With pressure growing in the United States and Britain to change strategy, Iraq's deputy prime minister urged the international community not "to cut and run" as he visited with British Prime Minister Tony Blair in London, Reuters reported.

"The fate of Iraq is vital to the future of the Middle East and the world order," Barham Saleh, the Iraqi official, said, according to Reuters.

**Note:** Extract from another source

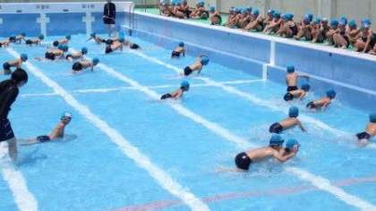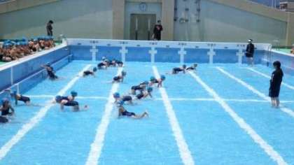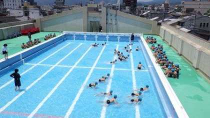 3・4時間目に2年生が水慣れの学習を行いました。とても暑いので,プールでの活動がとても気持ちよさそうです。「赤ちゃん歩き」など,いろいろな歩き方をしました。

Saleh said the Iraqi government was seeking to speed up the process of taking control of the country's security, the news agency said.
Other developments

# The Iraqi Defense Ministry imposed a curfew Monday for the southeastern city of Amara after fighting last week between police and the Mehdi Army militia loyal to anti-American Shiite cleric Muqtada al-Sadr. The curfew took effect Monday morning and will be in place until further notice, police said. Amara, the provincial capital of Maysan province, remains quiet after clashes killed at least 16 and wounded 90 others, a hospital official said. Amara is in the heart of the Shiite-dominated south near the Iraq-Iran border.

# U.S.-led coalition forces killed five suspected insurgents Monday during a raid on a building south of Balad, north of Baghdad, the U.S. military said. Coalition forces believed "several suspected terrorists" were inside the building, according to the military.

# Gunmen ambushed two busloads of Iraqi police recruits Sunday in Baquba, northeast of Baghdad, killing at least 13 and kidnapping dozens of others, security officials said. The attackers planted roadside bombs, which struck at least one of the buses. They then opened fire on the recruits, the Iraqi Interior Ministry said. The Iraqi army clashed with gunmen for hours, a security official said. After the attack, Iraqi police started to collect bodies but discovered -- after a bomb exploded near one of the corpses -- that the attackers had left an explosive next to each body, the Interior Ministry said. The police then called for the U.S. military, which defused 15 bombs.

# A senior U.S. State Department diplomat apologized Sunday for having told the Arab satellite network Al-Jazeera on Saturday that there is a strong possibility history will show the United States displayed "arrogance" and "stupidity" in its handling of the Iraq war. Alberto Fernandez is director of the Office of Press and Public Diplomacy in the Bureau of Near East Affairs.